2873 Binzel

Discovery
- Discovered by: E. Bowell
- Discovery site: Anderson Mesa Stn.
- Discovery date: 28 March 1982

Designations
- Named after: Richard Binzel (American astronomer)
- Alternative designations: 1982 FR · 1935 KH 1935 MH · 1938 GA 1959 RA_{1}
- Minor planet category: main-belt · (inner) Flora

Orbital characteristics
- Epoch 4 September 2017 (JD 2458000.5)
- Uncertainty parameter 0
- Observation arc: 81.27 yr (29,683 days)
- Aphelion: 2.6074 AU
- Perihelion: 1.8954 AU
- Semi-major axis: 2.2514 AU
- Eccentricity: 0.1581
- Orbital period (sidereal): 3.38 yr (1,234 days)
- Mean anomaly: 112.97°
- Mean motion: 0° 17^{m} 30.48^{s} / day
- Inclination: 5.9003°
- Longitude of ascending node: 100.97°
- Argument of perihelion: 168.33°
- Known satellites: 1

Physical characteristics
- Dimensions: 6.426±0.471 km 6.48 km (calculated) 7.011±0.063 km
- Synodic rotation period: 11.560±0.0037 h
- Geometric albedo: 0.2307±0.0722 0.24 (assumed) 0.272±0.060
- Spectral type: SMASS = Sq · S
- Absolute magnitude (H): 12.660±0.002 (R) · 12.99 · 13.10±0.41 · 13.11

= 2873 Binzel =

Florian asteroid and binary system

2873 Binzel, provisional designation , is a stony Florian asteroid and binary system from the inner regions of the asteroid belt, approximately 6.5 kilometers in diameter. It was discovered on 28 March 1982, by American astronomer Edward Bowell at the Anderson Mesa Station in Flagstaff, Arizona. The asteroid was named after astronomer Richard Binzel. Its 1.6-kilometer minor-planet moon was discovered in 2019.

== Orbit and classification ==

Binzel is a member of the Flora family (402), a giant asteroid family and the largest family of stony asteroids in the main-belt. It orbits the Sun in the inner main belt at a distance of 1.9–2.6 AU once every 3 years and 5 months (1,234 days). Its orbit has an eccentricity of 0.16 and an inclination of 6° with respect to the ecliptic.

The body's observation arc begins with its identification as at the Johannesburg Observatory in 1935, almost 47 years prior to its official discovery observation at Anderson Mesa.

== Physical characteristics ==

In the SMASS classification, Binzel is a Sq-subtype, which transition from the common stony S-type asteroids to the less common Q-types.

=== Rotation period ===

In September 2010, a rotational lightcurve of Binzel was obtained from photometric observations in the R-band by astronomers at the Palomar Transient Factory in California. Lightcurve analysis gave a rotation period of 11.560 hours with a brightness variation of 0.14 magnitude (U=2).

=== Diameter and albedo ===

According to the survey carried out by the NEOWISE mission of NASA's Wide-field Infrared Survey Explorer, Binzel measures 6.426 and 7.011 kilometers in diameter and its surface has an albedo of 0.2307 and 0.272, respectively.

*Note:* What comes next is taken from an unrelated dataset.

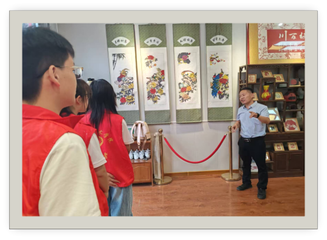 团队有序进入博物馆,在跨越时空的剪纸艺术展示长廊中,深入领略其源远流长的发展脉络。从细腻人物情思到灵动生灵百态,从恢宏历史长卷到鲜活民俗图景,每幅作品都是技艺与匠心的结晶。在张建志馆长引领下,团队循着德州剪纸从民间萌芽到形成地域风骨的脉络,读懂阴剪阳刻间的虚实哲学,领悟作品中沉淀的民俗记忆与历史温度,让指尖艺术的文化根脉深深扎根心中。

The Collaborative Asteroid Lightcurve Link assumes an albedo of 0.24 – derived from 8 Flora, the largest member and namesake of the Flora family – and calculates a diameter of 6.48 kilometers based on an absolute magnitude of 13.11.

== Naming ==

This minor planet was named after American astronomer Richard Binzel (born 1958) of the University of Texas at Austin. During the 1980s, Binzel has been a prolific photometrist, obtaining a large number of rotational lightcurves of main-belt asteroids. The official naming citation was prepared by Alan W. Harris and published by the Minor Planet Center on 8 November 1984 (M.P.C. 9215).